Il caso di Garlasco continua a far parlare l’Italia con nuove analisi scientifiche. Al centro delle indagini, c’è il “contatto papillare numero 10”, una traccia lasciata sulla scena del crimine mai completamente interpretata. Ora, con i progressi tecnologici, gli esperti potranno riesaminare questo elemento chiave nella speranza di fare luce sul mistero dell’omicidio di Chiara Poggi.
Continuano le indagini sul delitto di Garlasco: le tracce mai analizzate
La nuova indagine ha riesaminato 36 impronte raccolte all’epoca dei fatti, ma soltanto 8 si sono rivelate idonee per il confronto. Tra queste, la numero 33 è stata attribuita con certezza ad Andrea Sempio: era impressa sulla parete che porta alla cantina, a pochi metri dal corpo di Chiara Poggi.
Rimangono ancora sconosciute sei impronte palmari rinvenute sui muri della scala interna, che saranno anch’esse analizzate durante il maxi incidente probatorio in programma dal 17 giugno nei laboratori della Polizia Scientifica di Milano.
Garlasco, cos’è il papillare 10 e perché potrebbe rivelare chi è l’assassino di Chiara Poggi
Il 17 giugno è previsto un incidente probatorio su alcuni reperti finora mai analizzati o che possono essere nuovamente esaminati grazie a tecnologie avanzate. Tra questi, assume particolare importanza il “contatto papillare numero 10”, un’impronta rilevata sulla parte interna dello stipite della porta d’ingresso della residenza dei Poggi. Al momento del ritrovamento non furono eseguiti accertamenti biologici sulla traccia, che si presentava come una “mano sporca”.
Nonostante disponga di sole otto caratteristiche riconoscibili — rispetto alle sedici necessarie per un confronto standard — la nuova consulenza, disposta dai magistrati di Pavia, punta ad analizzare il materiale organico contenuto.

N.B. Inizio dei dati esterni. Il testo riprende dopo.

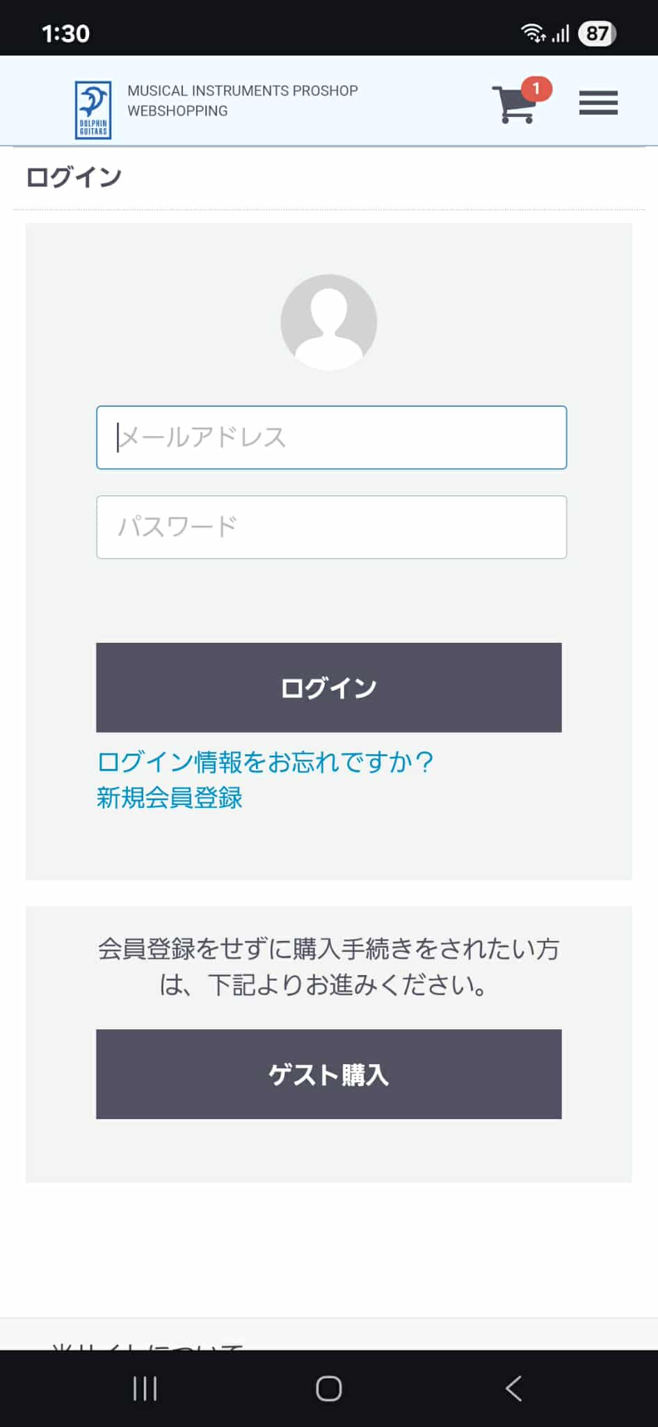 (3)会員の方はログイン情報を、登録をせずに購入に進みたい場合は「ゲスト購入」ボタンを選択してください。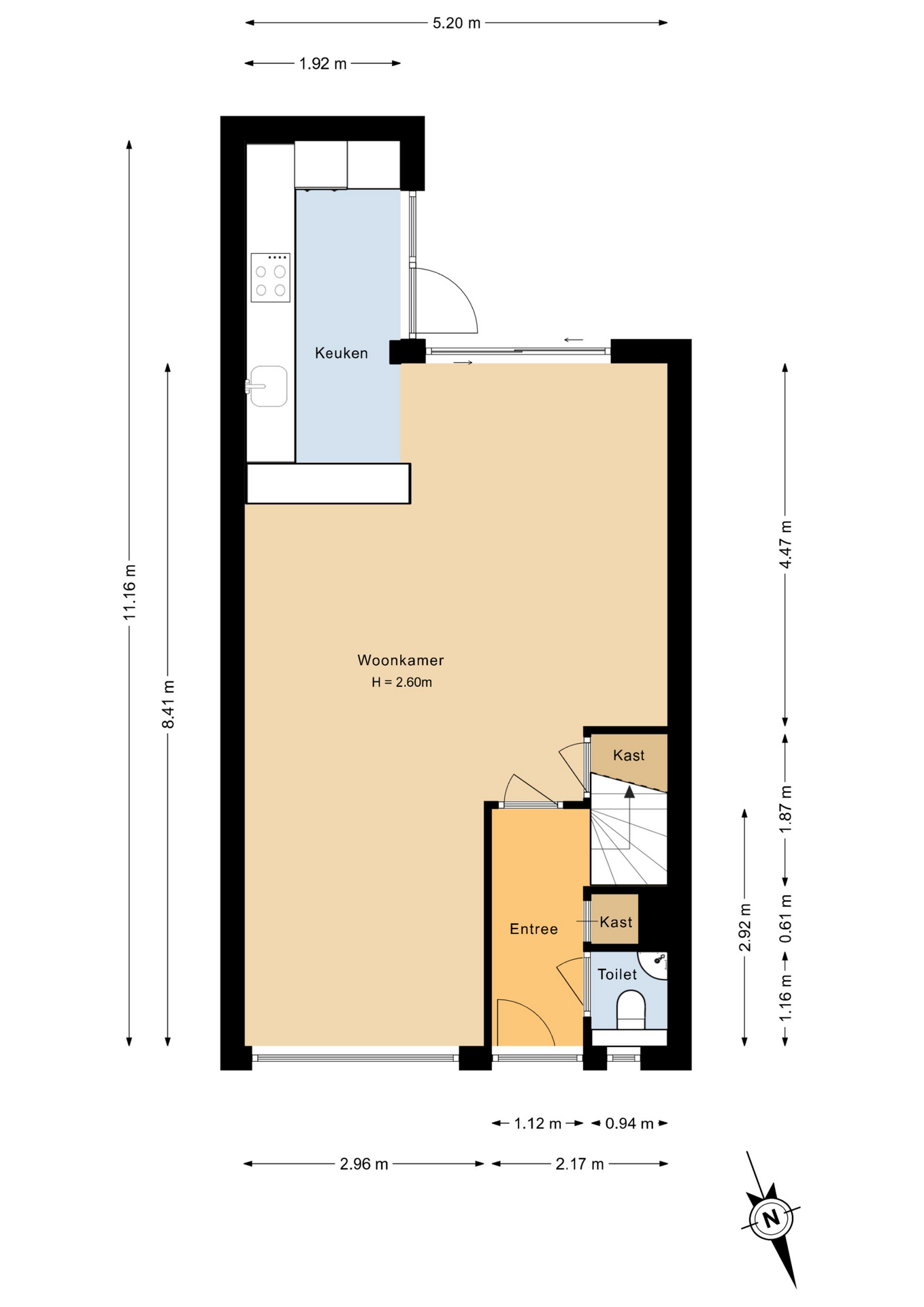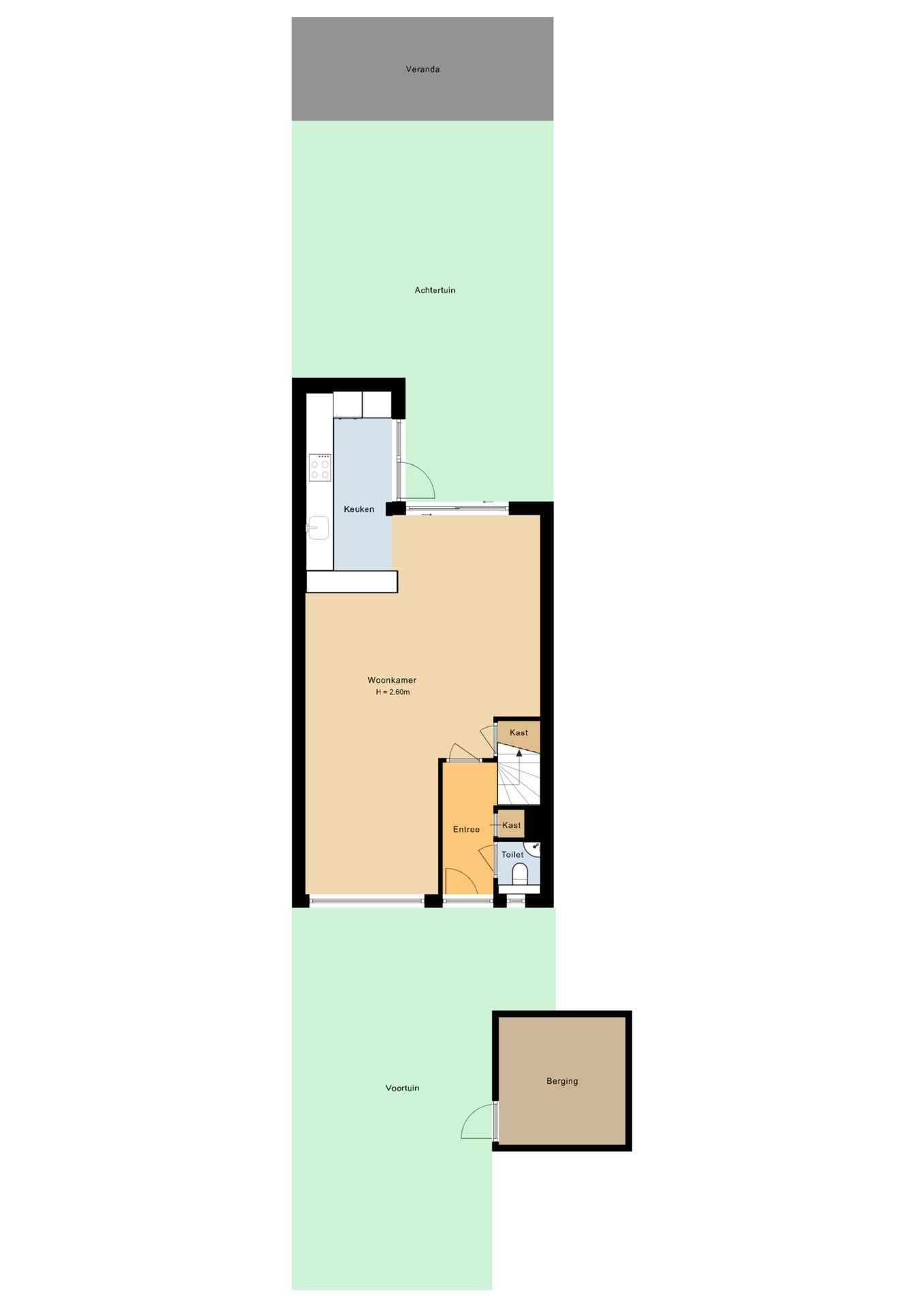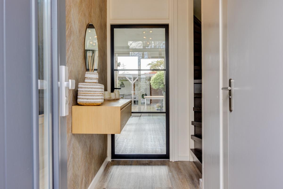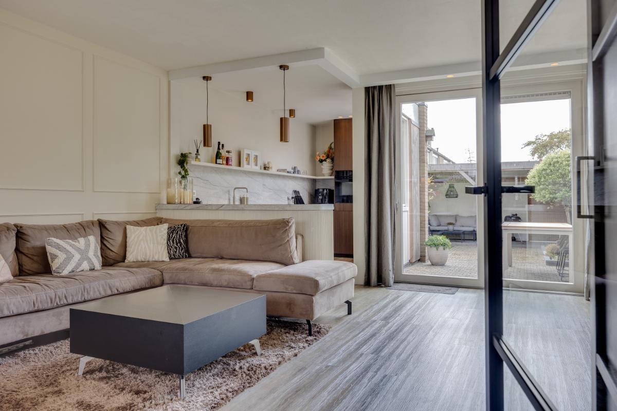 Indeling: Bij binnenkomst kom je in de hal met toegang tot de toiletruimte en de woonkamer. De lichte woonkamer is strak afgewerkt en voelt direct ruim en comfortabel aan. Dankzij de grote raampartijen en de open indeling is dit een heerlijke plek om thuis te komen. Aan de achterzijde van de woonkamer bevindt zich een grote schuifpui die zorgt voor een verbinding tussen binnen en buiten.

Ora la Procura di Pavia, guidata da Fabio Napoleone, è convinta che in quell’impronta — che sarà oggetto del maxi incidente probatorio per l’estrazione e il confronto del DNA — sia presente traccia di sangue.
Qualora fosse confermata la presenza di sangue e il legame con uno degli indagati, potrebbe diventare un elemento cruciale per le indagini. Rilevata all’epoca dai RIS con luce UV, la traccia fu documentata fotograficamente, evidenziata con polvere e poi prelevata.